NCT number NCT03295383
Other study ID # 2015/208/HP
Secondary ID
Status Recruiting
Phase Phase 3
First received
Last updated
Start date July 11, 2019
Est. completion date November 2, 2023

Study information

Verified date October 2019
Source University Hospital, Rouen
Contact Pascal JOLY, Pr
Phone +3323288
Email pascal.joly@chu-rouen.fr
Is FDA regulated No
Health authority
Study type Interventional

Clinical Trial Summary

Mucous membrane pemphigoid (MMP) describes a group of chronic auto-immune bullous diseases (AIBD) of the basement membrane zone (BMZ), characterized by predominant or exclusive mucosal involvement, including oral, naso-pharyngeal, laryngo-tracheal, genital, oesophageal, anal and ocular mucous membranes. Circulating autoantibodies are directed against various antigens of the BMZ: BP180, laminin 332 and type 7 collagen. MMP is a rare disease with an incidence of 1.8 new cases/million inhabitants/year in France.
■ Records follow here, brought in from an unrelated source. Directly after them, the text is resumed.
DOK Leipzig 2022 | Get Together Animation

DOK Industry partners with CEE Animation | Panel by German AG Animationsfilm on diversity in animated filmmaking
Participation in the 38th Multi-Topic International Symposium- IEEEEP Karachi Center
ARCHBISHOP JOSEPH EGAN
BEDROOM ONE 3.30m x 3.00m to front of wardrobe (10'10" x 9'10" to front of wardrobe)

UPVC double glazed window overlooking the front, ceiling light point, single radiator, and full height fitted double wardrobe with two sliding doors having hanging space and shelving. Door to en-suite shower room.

Scar formation which is secondary to initial inflammation, is a characteristic feature of MMP, leading to major disability (e.g blindness and oesophageal, anal, vaginal stenosis) and life-threatening situations (e.g. laryngeal stenosis leading to respiratory failure).
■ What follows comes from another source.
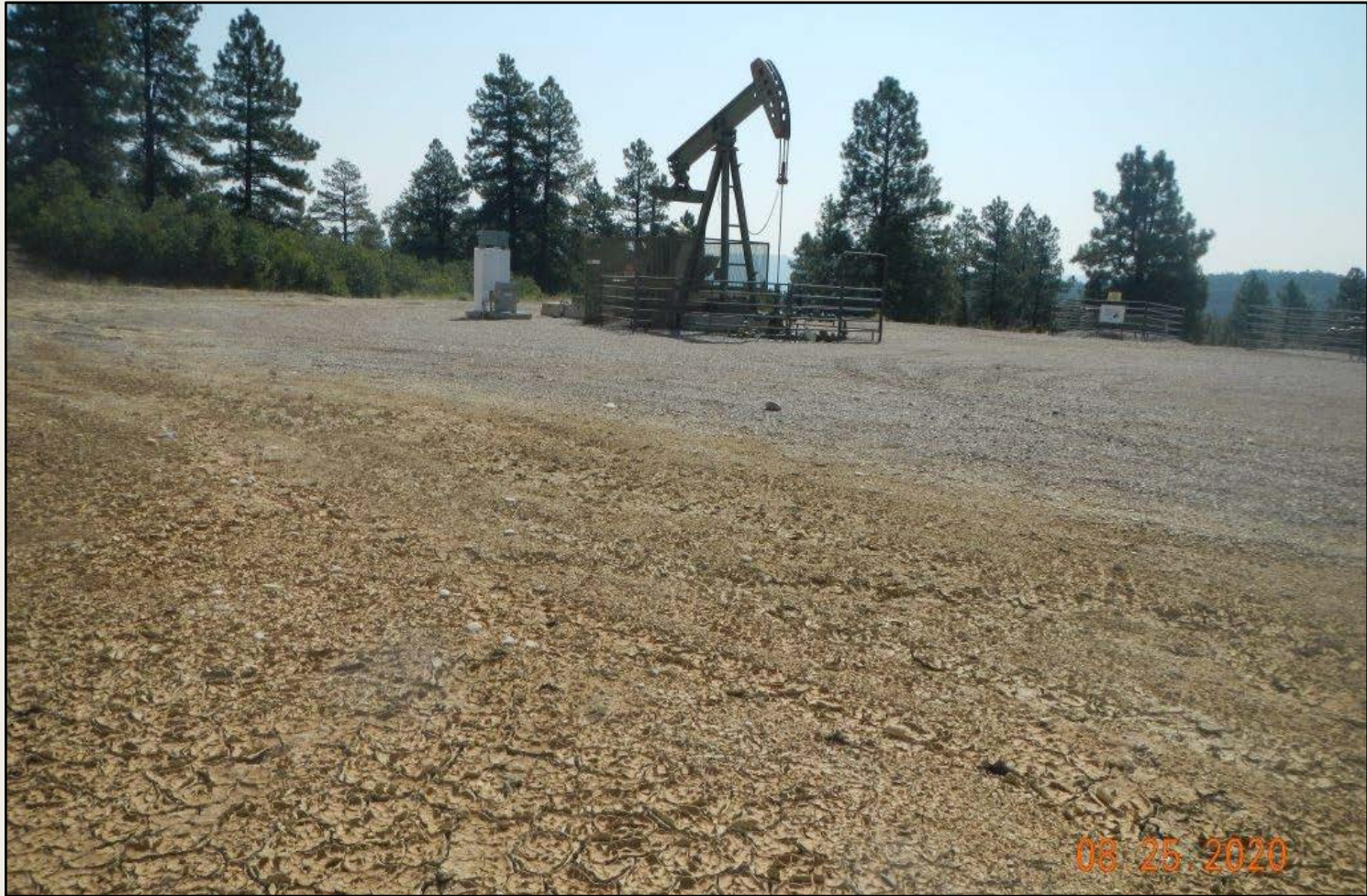
Photo 1. View of the project area from the northwestern corner facing center.

Dapsone is the first line treatment of mild/moderate forms of MMP. Dapsone is used both as initial treatment, and as maintenance therapy. However, severe forms of MMP can rapidly worsen leading to blindness, aphagia due to esophageal stenosis, respiratory failure due to tracheal or laryngeal stenosis, and urinary and sexual dysfunctions due to genital involvement. These patients are usually treated using immunosuppressive drugs. Indeed, corticosteroids (CS) are not recommended in MMP.

Cyclophosphamide was considered as the most effective immunosuppressant in severe forms of MMP, before the use of rituximab, an anti-CD20 monoclonal antibody (MAb).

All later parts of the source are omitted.